Hi I am saving mostly english and german characters into a mysql database which currently is set to utf-8 charset.
I am assuming that I should use latin1 charset for this type of data, is that correct?
If so how can I change the charset to correct the german chars which are now saved in utf-8?
UPDATE
Maybe then it is a retrival problem ... When I export data from the db via php of course I get utf-8 back, can I do the retrival to give me latin1?
UPDATE 1
Ok I am building a website, the html encoding is uft-8 the db is uft-8, and now I want to run some exports and extract data, which should be returned in an excel sheet, and the data is utf-8, but here I need the chars to be latin1 ... or the encoding of the excel sheet extracted from the db need to be such that Töst will show Täst.
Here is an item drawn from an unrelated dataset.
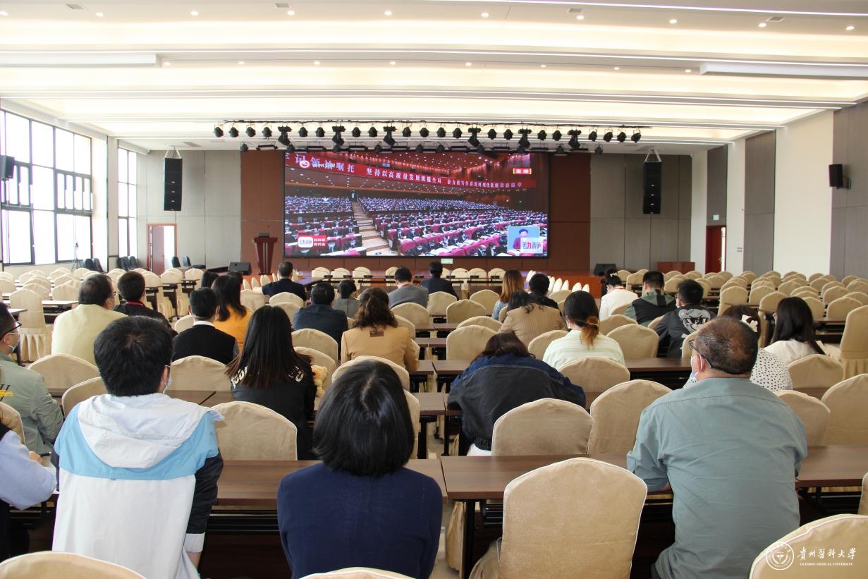 谌贻琴在报告中指出,中国共产党贵州省第十三次代表大会,是在党的二十大即将召开,我省如期打赢脱贫攻坚战,如期全面建成小康社会,开启全面建设社会主义现代化国家新征程的关键时期召开的一次十分重要的大会。大会的主题是:高举习近平新时代中国特色社会主义思想伟大旗帜,牢记习近平总书记殷切嘱托,坚持以高质量发展统揽全局,围绕“四新”主攻“四化”,奋力谱写多彩贵州现代化建设新篇章。贵州省第十三次党代会的召开,又一次激发了全校教职员工感党恩、听党话、跟党走的巨大热情。

Right now I get the data like this -> Töst
UPDATE 2
I am using following php script to do the dump:
http://www.fundisom.com/phparadise/php/databases/mySQL_to_excel
on line 48 I have changed the code to
header("Content-Type: application/$file_type; charset=utf-8");
no change in behaviour.
How would I solve the issue?
Almost Solution
<?php
$text = "ö is a valid UTF-8 character";
echo 'Original : ', $text, PHP_EOL;
echo 'TRANSLIT : ', iconv("UTF-8", "ISO-8859-1//TRANSLIT", $text), PHP_EOL;
echo 'IGNORE : ', iconv("UTF-8", "ISO-8859-1//IGNORE", $text), PHP_EOL;
echo 'Plain : ', iconv("UTF-8", "ISO-8859-1", $text), PHP_EOL;
?>
this is what I need I think ... but I need to check it in context of the php script... tomorrow :-)
I agree with the previous answers that UTF-8 is a good choice for most applications.
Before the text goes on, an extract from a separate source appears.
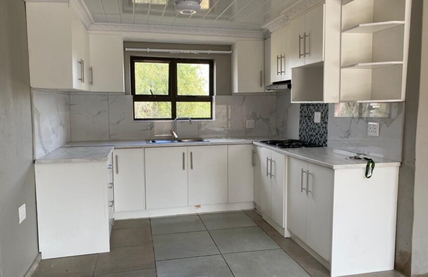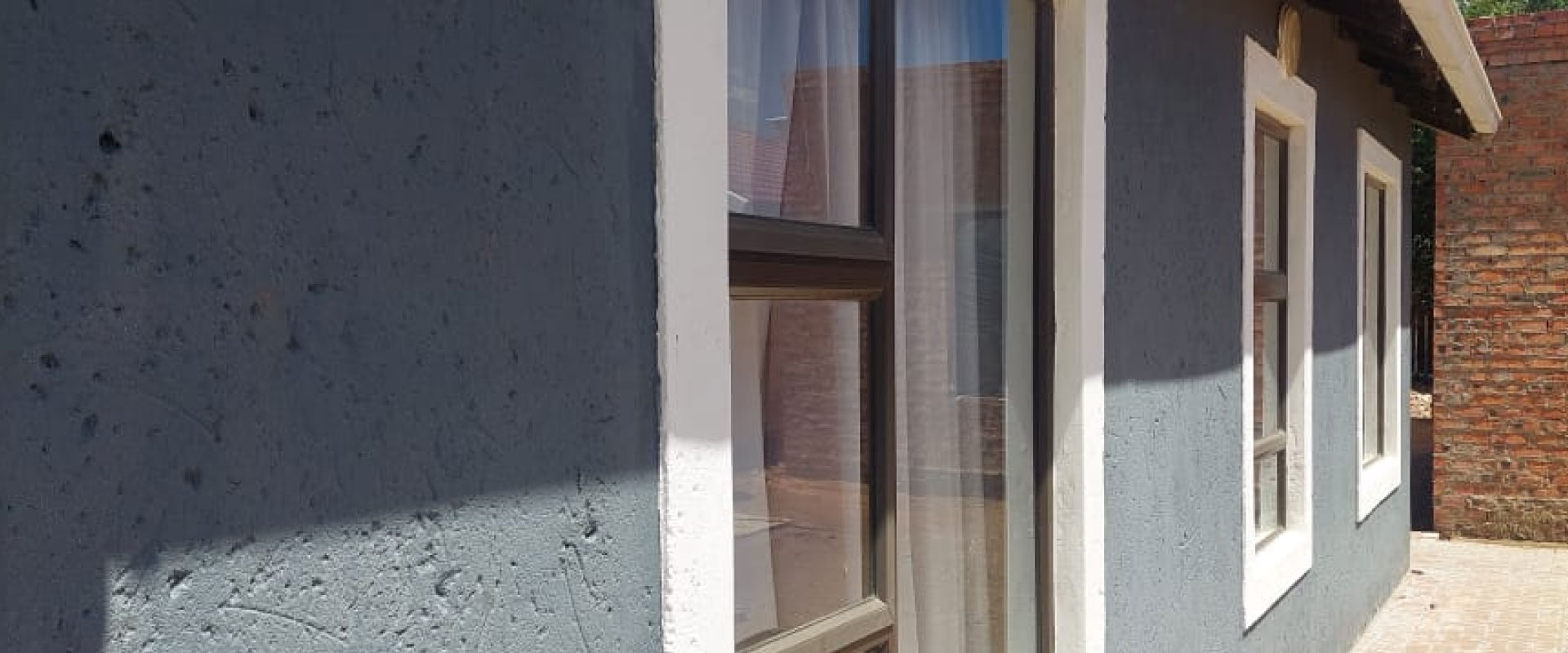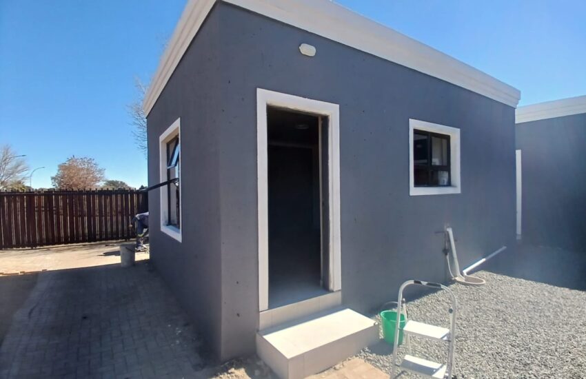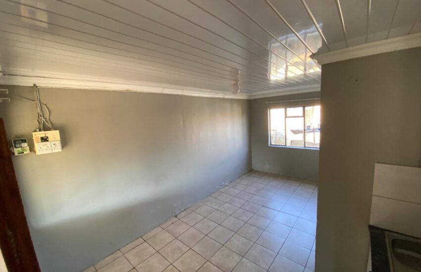 A one-bedroom apartment with a garden view. The ground-floor unit features a private entrance and a seating area.

Beware the traps that might be awaiting you, though! You'll want to be careful that you use a consistent character encoding throughout your system (input forms, output web pages, other front ends that might access or change the data).
I have spent some unpleasant hours trying to figure out why a simple β or é was mangled on my web page, only to find that something somewhere had goofed up an encoding. I've even seen cases of text that gets run through multiple encoders--once turning a single quotation mark into eight bytes.
Bottom line, don't assume the correct translation will be done; be explicit about character encoding throughout your project.
Edit: I see in your update you've already started to discover this particular joy. :)
Once you using double byte characters like UTF-8, there is no turning back...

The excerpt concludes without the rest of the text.